Figure 1 |. Schematics and images of the ambient light-powered battery-free lab on the skin.

Figure 1 |

a, Illustration of the energy autonomous wearable device that is powered from both outdoor and indoor illumination via a quasi-2D flexible perovskite solar cell (FPSC) and perform multiplexed wireless biomolecular analysis across a wide range of activities. Carbagel, carbachol hydrogel; M-tape, medical tape; PET, polyethylene terephthalate; PI, polyimide. b, Exploded 3D model of the layer assembly of the wearable device. c, Photo of an inkjet-printed disposable microfluidic sensor patch that contains an iontophoretic module for autonomous sweat stimulation, microfluidics for sweat sampling, multiplexed electrochemical biosensors for perspiration analysis, and an impedimetric sweat rate sensor. Scale bar, 0.5 cm. d, Photo of the wearable device assembled in origami-style. Scale bar, 1 cm. e, Photo of the wearable device worn on the ventral forearm and wirelessly connected to a custom developed mobile app over BLE. Scale bar, 2 cm.
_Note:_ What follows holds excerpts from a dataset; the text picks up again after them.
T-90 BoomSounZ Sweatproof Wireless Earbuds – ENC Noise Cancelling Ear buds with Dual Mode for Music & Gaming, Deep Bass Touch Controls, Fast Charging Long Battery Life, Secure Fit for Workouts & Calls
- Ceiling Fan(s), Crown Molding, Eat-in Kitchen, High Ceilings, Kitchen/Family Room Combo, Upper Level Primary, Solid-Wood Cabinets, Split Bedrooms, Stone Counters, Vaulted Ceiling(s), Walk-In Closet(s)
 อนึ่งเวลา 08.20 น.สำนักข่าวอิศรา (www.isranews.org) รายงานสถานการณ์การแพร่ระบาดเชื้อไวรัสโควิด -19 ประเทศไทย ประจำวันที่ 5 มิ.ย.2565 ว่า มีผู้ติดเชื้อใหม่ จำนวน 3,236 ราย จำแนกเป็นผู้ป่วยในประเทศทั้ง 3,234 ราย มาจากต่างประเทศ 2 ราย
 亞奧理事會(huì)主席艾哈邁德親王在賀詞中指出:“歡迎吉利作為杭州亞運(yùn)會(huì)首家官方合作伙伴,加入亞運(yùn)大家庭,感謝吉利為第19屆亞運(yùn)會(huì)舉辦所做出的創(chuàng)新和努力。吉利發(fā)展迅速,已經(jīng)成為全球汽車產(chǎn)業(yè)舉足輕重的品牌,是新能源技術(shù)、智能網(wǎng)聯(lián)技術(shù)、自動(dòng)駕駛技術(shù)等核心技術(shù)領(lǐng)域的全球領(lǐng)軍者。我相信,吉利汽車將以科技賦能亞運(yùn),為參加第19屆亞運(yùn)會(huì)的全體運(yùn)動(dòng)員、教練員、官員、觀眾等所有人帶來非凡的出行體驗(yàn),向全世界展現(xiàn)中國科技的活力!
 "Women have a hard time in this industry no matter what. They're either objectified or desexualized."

Wearable device design for autonomous biomarker analysis

The wearable device consists of disposable and reusable modules assembled in an origami-like fashion (Fig. 1b and Supplementary Figs. 1,2). Among the reusable parts is the highly efficient quasi-2D FPSC module that converts ambient light into electrical power and the energy-efficient flexible printed circuit board (FPCB) for electrochemical instrumentation, signal processing, and Bluetooth wireless communication. A daily disposable flexible patch contains a pair of carbachol hydrogel (carbagel) coated iontophoresis electrodes for sweat stimulation, a laser-engraved microfluidic module integrated with interdigitated electrodes for sweat sampling and sweat rate monitoring, and a multiplexed electrochemical sweat biosensor array for molecular analysis (Fig. 1c). Compared to traditionally used pilocarpine gels, carbachol gels were selected for iontophoresis as they allow for efficient and long-lasting sudomotor axon reflex sweat secretion from the surrounding sweat glands, ideally suitable for microfluidic sweat sampling21. Inkjet printing was used to fabricate all flexible biosensing electrodes and interconnects at a large scale and low cost. Considering that chemical sensors usually suffer from signal drift during long-term use, their capacity for mass-production allows disposable use on a daily or multi-day basis for reliable wearable health monitoring. Potentiometric, amperometric, voltammetric, and impedimetric techniques can all be performed using the wearable device to analyze a broad spectrum of sweat biomarkers ranging from metabolites, electrolytes, nutrients, to substances and drugs. The fully assembled wearable device is 20 mm × 27 mm × 4 mm in size and can comfortably adhere to the skin (Fig. 1d,e). The custom embedded algorithm and mobile application enable an energy-saving adaptive power consumption scheme such that the wearable device can extract and analyze sweat across various activities and illumination conditions in a prolonged and efficient fashion. All calibrated biomarker information can be wirelessly transmitted and displayed on a custom mobile app (Fig. 1e, Supplementary Fig. 3, Supplementary Video 1).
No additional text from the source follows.